A: Check domain manager configuration and limits:

[domains]
max_subdomains = 10  # Ensure this allows for rotation
rotation_interval = 24  # Check if rotation is due

# Debug domain rotation
./target/release/nexus-infra domains rotate --config nexus.toml --dry-run

Certificate Issues

Q: "Let's Encrypt certificate request failed"

A: Common Let's Encrypt issues:

# Check ACME account status
./target/release/nexus-infra certificates account-info --config nexus.toml

# Test DNS-01 challenge manually
dig TXT _acme-challenge.yourdomain.com

# Check Let's Encrypt rate limits
curl "https://acme-v02.api.letsencrypt.org/directory"

Rate limit solutions:

  • Use Let's Encrypt staging for testing
  • Wait for rate limit reset (1 week)
  • Use different base domains

Q: "Certificate validation failed"

A: Verify certificate chain and configuration:

# Check certificate validity
openssl x509 -in certs/yourdomain.com.crt -noout -dates

# Verify certificate chain
openssl verify -CAfile certs/chain.pem certs/yourdomain.com.crt

# Check certificate SAN
openssl x509 -in certs/yourdomain.com.crt -noout -text | grep -A 5 "Subject Alternative Name"

# Test TLS connection
openssl s_client -connect yourdomain.com:443 -servername yourdomain.com

Q: "Certificate pinning validation failed"

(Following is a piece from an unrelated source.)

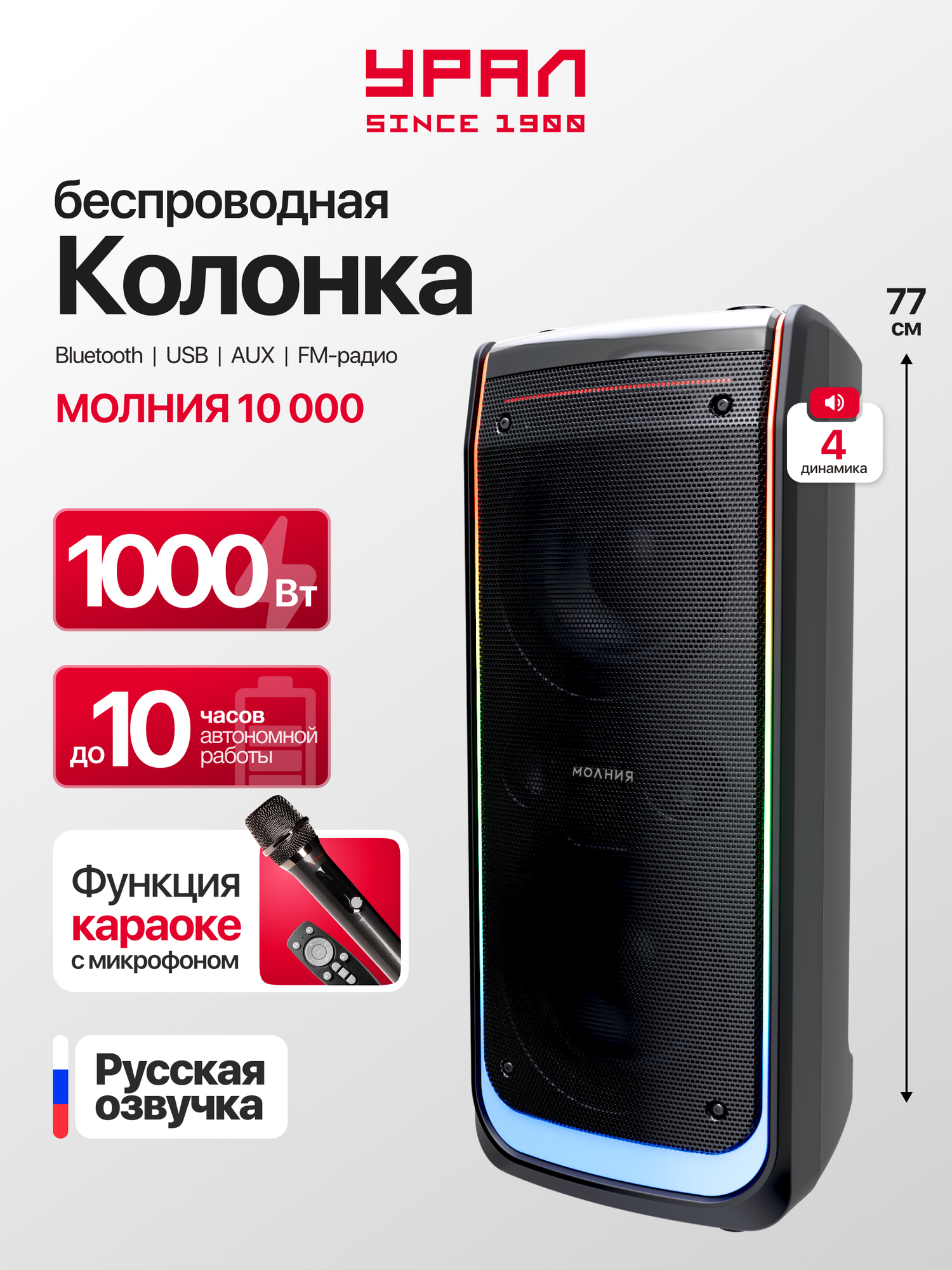 Колонка Урал «Молния 10000», Bluetooth, 1000Вт, FM, караоке, 8000мАч: сравнение цен, характеристики, фото, актуальное наличие и цены.
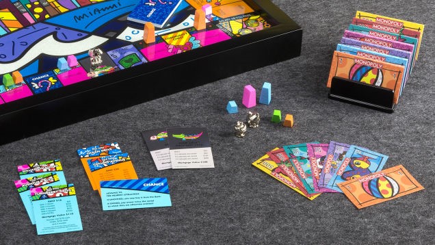 Αντί του κλασικού αναδιπλούμενου ταμπλό, η Μονόπολη Μαϊάμι αποτελείται από ένα βαθύ ξύλινο κουτί με γυάλινη επιφάνεια πάνω από το ταμπλό. Ακόμη, τα έξι πιόνια και όλες οι κάρτες έχουν υποστεί τις αλλαγές του Britto. Δεν θα μας πειράξει αν καταλήξουμε στην φυλακή, αφού μοιάζει με γκαλερί έργων τέχνης.

A: Update pinned certificate fingerprints:

# Get current certificate fingerprint
openssl x509 -in certs/yourdomain.com.crt -noout -fingerprint -sha256

# Update configuration with new fingerprint
vim nexus.toml  # Update pinned_fingerprints array

Communication Issues

gRPC Connection Problems

Q: "gRPC connection timeout"

A: Check network connectivity and TLS configuration:

# Test basic connectivity
telnet yourdomain.com 443

# Test TLS handshake
openssl s_client -connect yourdomain.com:443

# Check gRPC service availability
grpcurl -insecure yourdomain.com:443 list

# Test with verbose logging
RUST_LOG=debug ./target/release/nexus-agent --config agent.toml

Q: "Mutual TLS authentication failed"

A: Verify client certificates and CA configuration:

# Check client certificate validity
openssl x509 -in client.crt -noout -dates

# Verify client certificate chain
openssl verify -CAfile ca.crt client.crt

# Test mutual TLS connection
curl --cert client.crt --key client.key --cacert ca.crt \
     https://yourdomain.com:443

Q: "gRPC streaming interrupted"

A: Check connection stability and timeout configuration:

# Adjust timeout settings
[grpc_server]
connection_timeout = 60  # Increase timeout
keepalive_interval = 30  # More frequent keepalives

[grpc_client] 
request_timeout = 60
max_retry_attempts = 5

Domain Fronting Issues

Q: "Domain fronting not working"

A: Verify CDN configuration and headers:

# Test domain fronting manually
curl -H "Host: real-c2-domain.com" https://cdn-domain.com/

# Check Cloudflare proxy settings
curl -H "Authorization: Bearer TOKEN" \
     "https://api.cloudflare.com/client/v4/zones/ZONE_ID/dns_records/RECORD_ID"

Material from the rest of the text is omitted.